* _What is needed_: Return the data below unaltered, but strip out the pictures.

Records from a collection
----

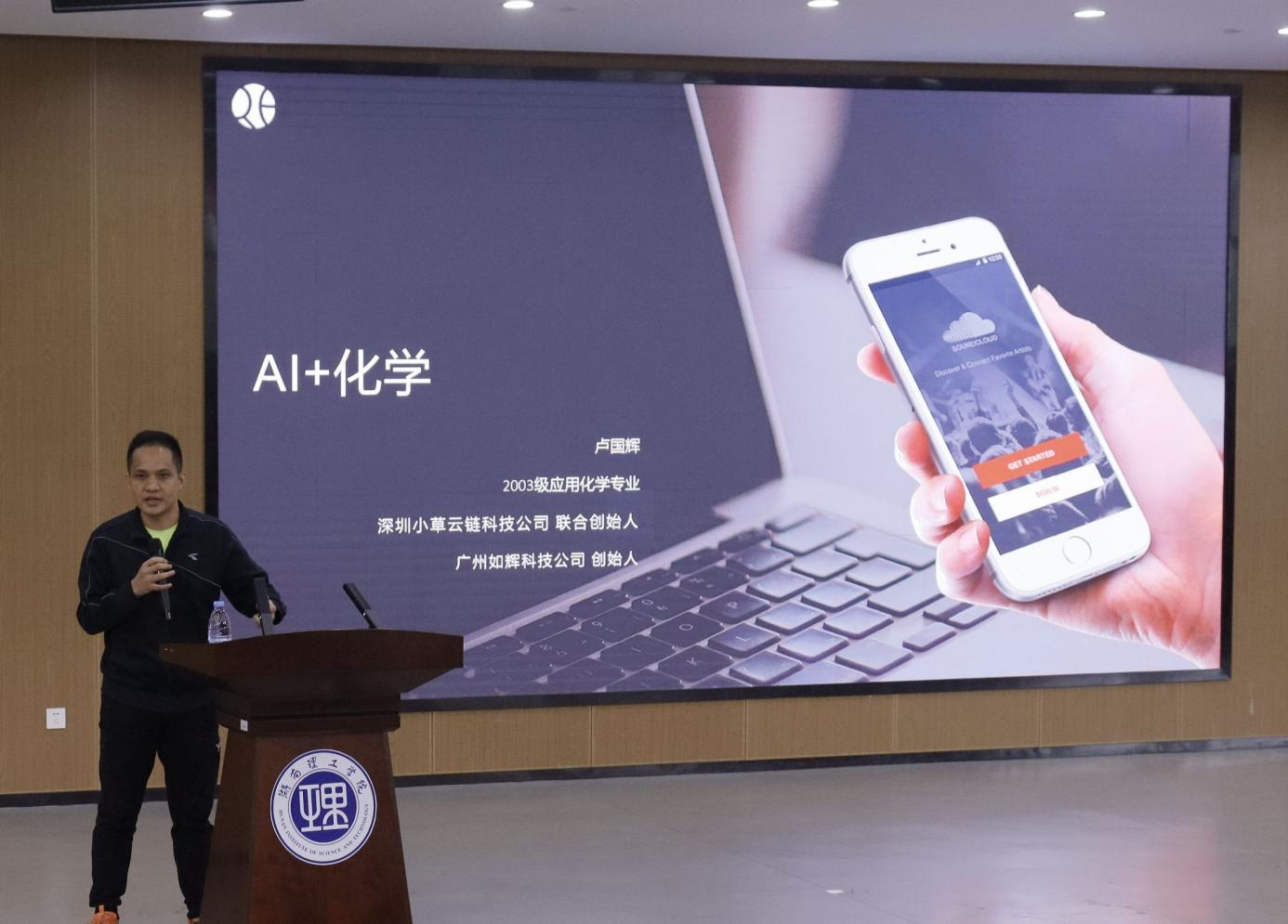 卢国辉以“AI人工智能+化学+未来”为题,分享自身在湖南理工的求学经历与后续创业故事,提出“爱大学、爱工作、爱创业、爱化学、爱湖湘与爱未来”的“六爱”倡议,激励新生成长为符合学校培养要求的复合型人才。
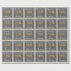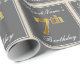 This simple and elegant wrapping paper design features a personalised message like "FirstName’s 7th Birthday" (with the "7th" having a faux/imitation gold-like colouring look) within a grey-coloured square area featuring a simple border outline. The name is in an elegant white-coloured script-like text, and can be customised. Wrapping paper like this could perhaps be used when wrapping birthday gifts for somebody who is celebrating their seventh birthday. [~Z0000222]
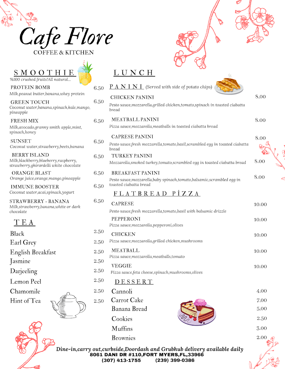 Introducing the menu of Cafe Flore, a charming cafe located at 8061 Dani Dr Unit 110, Fort Myers, FL, where delightful flavors meet inviting ambiance. Renowned for its special coffee drinks, each beverage is crafted with care. Indulge in the Mocha Frappe or the rich Caramel Frappe, both topped with decadent drizzles that are sure to satiate your sweet cravings for just $6.50.
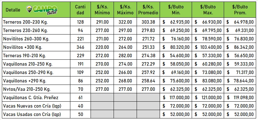 El tradicional martillo de Juan José Ercazti comercializó 1.625 animales de Invernada y cría con un plazo de venta que alcanzó los 30 y 60 días.
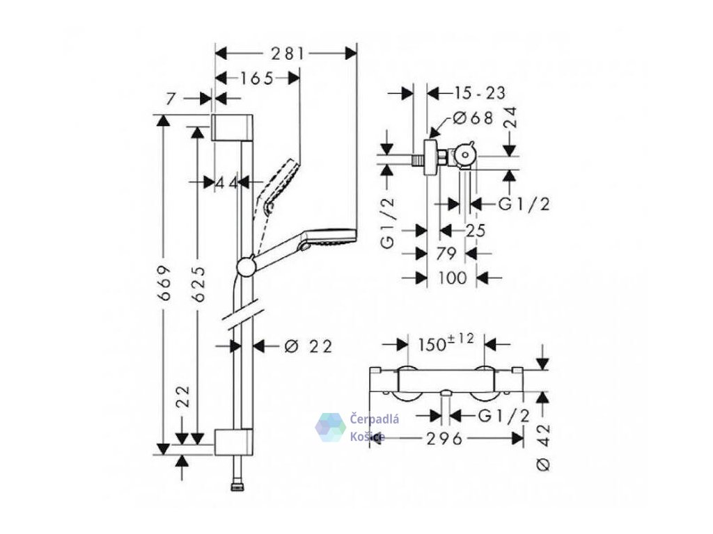 Sprchový set Hansgrohe s termostatickou batériou Crometta Vario Ecostat 1001 CL s celkovou výškou 699 mm, s prepínanim druhov prúdu otočením disku vodných lúčov, držiaky na stenu z plastu, otočná koncovka ktorá zabraňuje zamotaniu hadice,

----

* _Written reply_:
 卢国辉以“AI人工智能+化学+未来”为题,分享自身在湖南理工的求学经历与后续创业故事,提出“爱大学、爱工作、爱创业、爱化学、爱湖湘与爱未来”的“六爱”倡议,激励新生成长为符合学校培养要求的复合型人才。
 This simple and elegant wrapping paper design features a personalised message like "FirstName’s 7th Birthday" (with the "7th" having a faux/imitation gold-like colouring look) within a grey-coloured square area featuring a simple border outline. The name is in an elegant white-coloured script-like text, and can be customised. Wrapping paper like this could perhaps be used when wrapping birthday gifts for somebody who is celebrating their seventh birthday. [~Z0000222]
 Introducing the menu of Cafe Flore, a charming cafe located at 8061 Dani Dr Unit 110, Fort Myers, FL, where delightful flavors meet inviting ambiance. Renowned for its special coffee drinks, each beverage is crafted with care. Indulge in the Mocha Frappe or the rich Caramel Frappe, both topped with decadent drizzles that are sure to satiate your sweet cravings for just $6.50.
 El tradicional martillo de Juan José Ercazti comercializó 1.625 animales de Invernada y cría con un plazo de venta que alcanzó los 30 y 60 días.
 Sprchový set Hansgrohe s termostatickou batériou Crometta Vario Ecostat 1001 CL s celkovou výškou 699 mm, s prepínanim druhov prúdu otočením disku vodných lúčov, držiaky na stenu z plastu, otočná koncovka ktorá zabraňuje zamotaniu hadice,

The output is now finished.